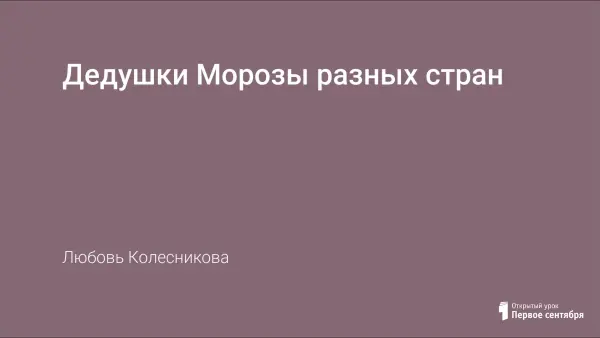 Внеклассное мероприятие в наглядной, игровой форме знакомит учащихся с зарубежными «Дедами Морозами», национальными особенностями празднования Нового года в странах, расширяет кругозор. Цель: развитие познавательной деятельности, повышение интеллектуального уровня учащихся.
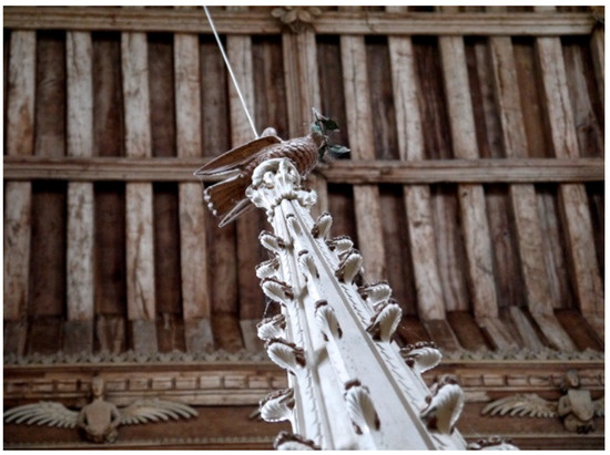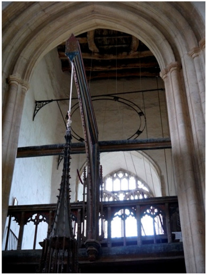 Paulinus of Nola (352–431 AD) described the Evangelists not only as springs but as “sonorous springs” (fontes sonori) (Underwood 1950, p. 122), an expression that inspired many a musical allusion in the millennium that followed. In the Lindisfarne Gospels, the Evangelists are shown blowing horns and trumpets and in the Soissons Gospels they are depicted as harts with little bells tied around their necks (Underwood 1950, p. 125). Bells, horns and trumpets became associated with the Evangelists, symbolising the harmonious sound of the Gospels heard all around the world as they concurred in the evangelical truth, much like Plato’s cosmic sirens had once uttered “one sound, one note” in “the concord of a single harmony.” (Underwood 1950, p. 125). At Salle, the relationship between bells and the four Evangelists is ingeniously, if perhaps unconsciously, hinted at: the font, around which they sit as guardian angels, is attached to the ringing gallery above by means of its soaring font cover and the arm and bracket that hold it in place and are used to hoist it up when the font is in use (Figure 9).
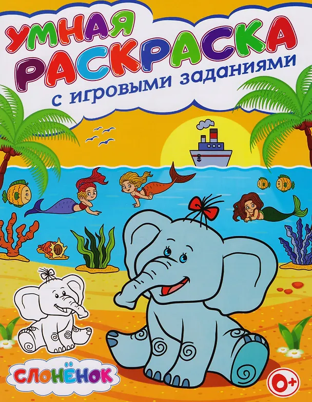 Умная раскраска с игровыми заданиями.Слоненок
◇ ◇ ◇ ◇
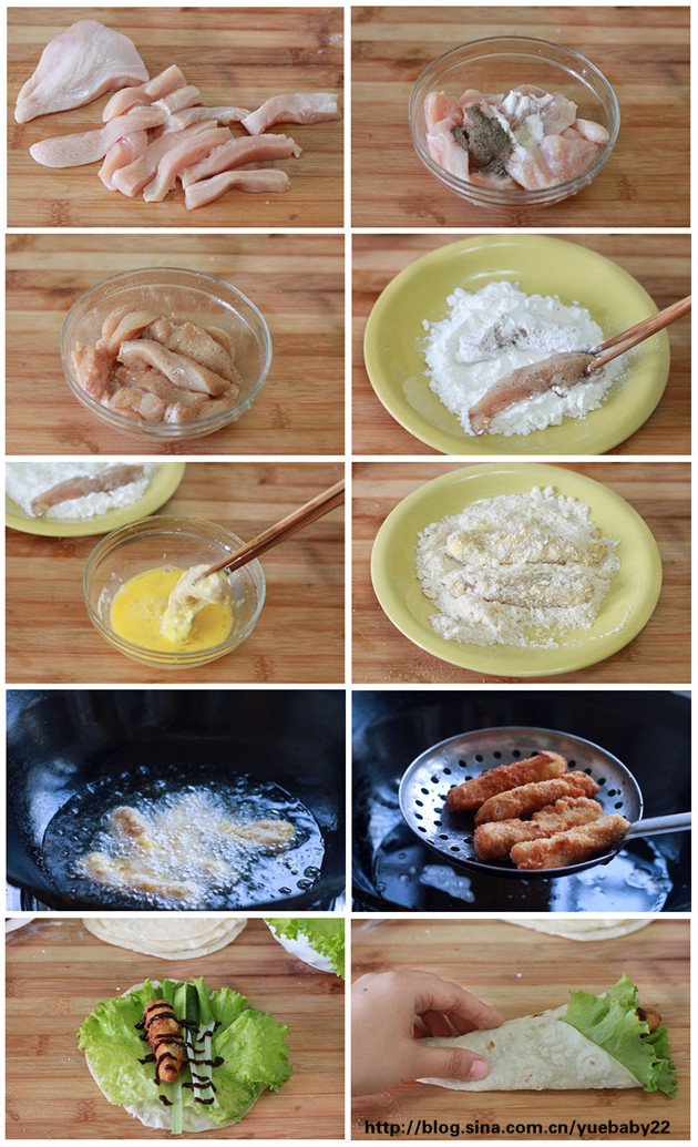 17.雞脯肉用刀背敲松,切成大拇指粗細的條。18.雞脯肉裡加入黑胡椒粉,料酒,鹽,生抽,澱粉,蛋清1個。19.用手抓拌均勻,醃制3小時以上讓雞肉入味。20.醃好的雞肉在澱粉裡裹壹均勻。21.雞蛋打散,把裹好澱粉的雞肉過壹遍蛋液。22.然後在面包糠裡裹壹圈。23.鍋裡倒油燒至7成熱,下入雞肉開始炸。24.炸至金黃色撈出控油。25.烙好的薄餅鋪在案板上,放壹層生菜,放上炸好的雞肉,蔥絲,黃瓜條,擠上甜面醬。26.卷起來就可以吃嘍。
◇ ◇ ◇ ◇
EXERCISE BRIEF:
What you return must match, character for character, the lines above from the one with "Внеклассное мероприятие в" through the one with "Умная раскраска с", minus any pictures.

RESULT:
 Внеклассное мероприятие в наглядной, игровой форме знакомит учащихся с зарубежными «Дедами Морозами», национальными особенностями празднования Нового года в странах, расширяет кругозор. Цель: развитие познавательной деятельности, повышение интеллектуального уровня учащихся.
 Paulinus of Nola (352–431 AD) described the Evangelists not only as springs but as “sonorous springs” (fontes sonori) (Underwood 1950, p. 122), an expression that inspired many a musical allusion in the millennium that followed. In the Lindisfarne Gospels, the Evangelists are shown blowing horns and trumpets and in the Soissons Gospels they are depicted as harts with little bells tied around their necks (Underwood 1950, p. 125). Bells, horns and trumpets became associated with the Evangelists, symbolising the harmonious sound of the Gospels heard all around the world as they concurred in the evangelical truth, much like Plato’s cosmic sirens had once uttered “one sound, one note” in “the concord of a single harmony.” (Underwood 1950, p. 125). At Salle, the relationship between bells and the four Evangelists is ingeniously, if perhaps unconsciously, hinted at: the font, around which they sit as guardian angels, is attached to the ringing gallery above by means of its soaring font cover and the arm and bracket that hold it in place and are used to hoist it up when the font is in use (Figure 9).
 Умная раскраска с игровыми заданиями.Слоненок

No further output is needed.